0 0 0 // 第0次迭代的预处理阶段,生成ABACUS工作目录和输入文件
0 0 1 // 第0次迭代的SCF计算阶段,在ABACUS中运行SCF计算
0 0 2 // 第0次迭代的SCF结果处理阶段,检查SCF结果,打印收敛性和精度
0 0 // 第0次迭代的SCF任务完成,准备训练模型
0 1 0 // 第0次迭代的模型训练阶段,使用旧模型(如果有)训练新模型
0 1 1 // 第0次迭代的训练完成,记录学习曲线
0 1 // 第0次迭代的模型测试阶段,测试模型并查看纯拟合误差
0 // 第0次迭代完成
1 0 0 // 第1次迭代的预处理阶段,生成ABACUS工作目录和输入文件
1 0 1 // 第1次迭代的SCF计算阶段,在ABACUS中运行SCF计算
1 0 2 // 第1次迭代的SCF结果处理阶段,检查SCF结果,打印收敛性和精度
1 0 // 第1次迭代的SCF任务完成,准备训练模型
1 1 0 // 第1次迭代的模型训练阶段,使用旧模型(如果有)训练新模型
1 1 1 // 第1次迭代的训练完成,记录学习曲线
1 1 // 第1次迭代的模型测试阶段,测试模型并查看纯拟合误差
1 // 第1次迭代完成
2 0 0 // 第2次迭代的预处理阶段,生成ABACUS工作目录和输入文件
2 0 1 // 第2次迭代的SCF计算阶段,在ABACUS中运行SCF计算
2 0 2 // 第2次迭代的SCF结果处理阶段,检查SCF结果,打印收敛性和精度
2 0 // 第2次迭代的SCF任务完成,准备训练模型
2 1 0 // 第2次迭代的模型训练阶段,使用旧模型(如果有)训练新模型
2 1 1 // 第2次迭代的训练完成,记录学习曲线
2 1 // 第2次迭代的模型测试阶段,测试模型并查看纯拟合误差
2 // 第2次迭代完成
3 0 0 // 第3次迭代的预处理阶段,生成ABACUS工作目录和输入文件
3 0 1 // 第3次迭代的SCF计算阶段,在ABACUS中运行SCF计算
3 0 2 // 第3次迭代的SCF结果处理阶段,检查SCF结果,打印收敛性和精度
3 0 // 第3次迭代的SCF任务完成,准备训练模型
3 1 0 // 第3次迭代的模型训练阶段,使用旧模型(如果有)训练新模型
3 1 1 // 第3次迭代的训练完成,记录学习曲线
3 1 // 第3次迭代的模型测试阶段,测试模型并查看纯拟合误差
3 // 第3次迭代完成
4 0 0 // 第4次迭代的预处理阶段,生成ABACUS工作目录和输入文件
4 0 1 // 第4次迭代的SCF计算阶段,在ABACUS中运行SCF计算
4 0 2 // 第4次迭代的SCF结果处理阶段,检查SCF结果,打印收敛性和精度
4 0 // 第4次迭代的SCF任务完成,准备训练模型
4 1 0 // 第4次迭代的模型训练阶段,使用旧模型(如果有)训练新模型
4 1 1 // 第4次迭代的训练完成,记录学习曲线
4 1 // 第4次迭代的模型测试阶段,测试模型并查看纯拟合误差
4 // 第4次迭代完成
注:RECORD文件有类似于checkpoint的功能,程序出现异常中断后,再次提交任务时会从RECORD中读取上一次计算到的位置并进行续算,并且可以通过编辑RECORD文件让程序在指定位置重启。
4.3 err.iter 错误日志
DeePKS程序中断时会输出异常日志,需要根据具体的错误进行分析。
4.4 log.data算例收敛和误差日志
路径:iter/iter.xx/00.scf/log.data
主要作用:记录训练集和测试集的算例收敛情况,init初始化轮次未引入deepks训练的model,通常算例全部可以收敛。正式轮次初始阶段可能由于训练得到的model不够合理导致部分算例不能收敛,经验上认为iter循环次数越多算例的收敛性会逐渐改善。

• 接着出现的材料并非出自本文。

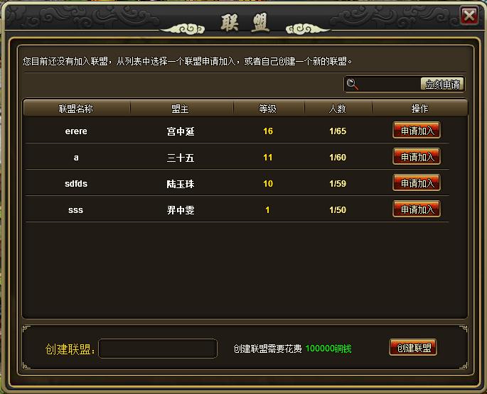 开启联盟系统时,玩家会见到各个推荐联盟的列表;玩家可以通过申请加入联盟,或者自己创建联盟加入;
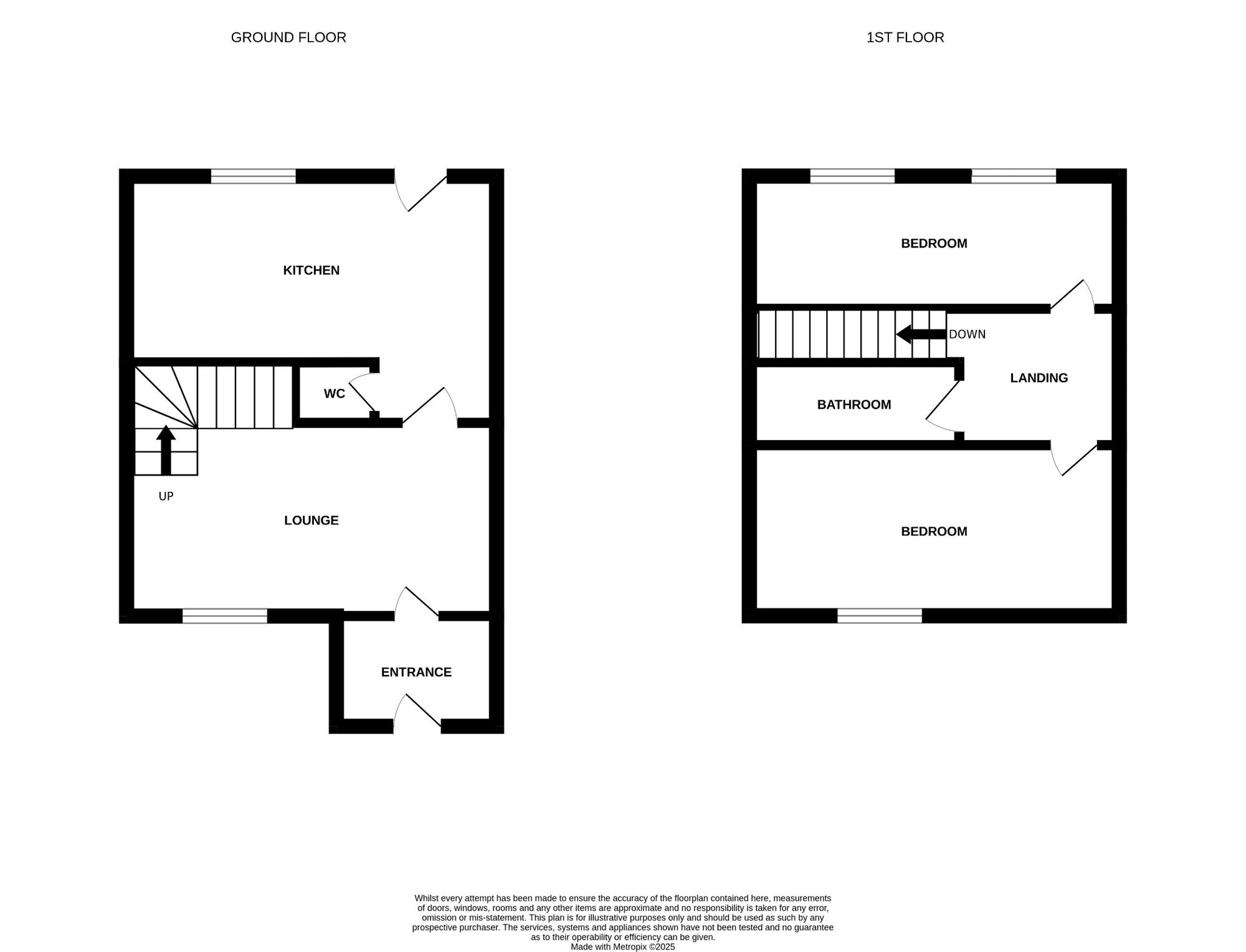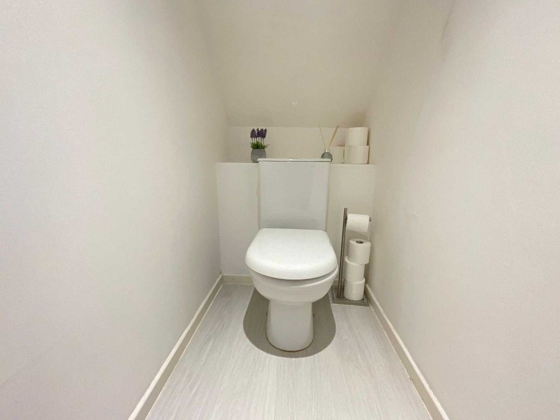 Upstairs, the home comprises two generously sized bedrooms, both of which benefit from large windows that enhance the feeling of space and light. The master bedroom offers ample room for a double bed and additional furniture, while the second bedroom is versatile and could be used as a guest room, nursery, or home office. The family bathroom completes the first floor, featuring a clean and functional design with all the essentials needed for modern living.

此文件包含每次迭代的误差统计和SCF收敛率。示例如下所示:
Training:
Convergence:
30 / 30 = 1.00000
Energy:
ME: 1368.147964193488
MAE: 1368.147964193488
MARE: 243.226232035534
Testing:
Convergence:
37 / 37 = 1.00000
Energy:
ME: 1520.1671384114968
MAE: 1520.1671384114968
MARE: 152.01917421800897
其中ME = 平均误差(mean error),MAE = 平均绝对误差(mean absolute error),MARE = 平均相对绝对误差(mean relative absolute error)。MARE的计算方法是去除目标能量与基准能量之间的任何常数能量偏移。请注意,这里仅包含能量误差,因为在初始迭代中仅对能量标签进行了训练。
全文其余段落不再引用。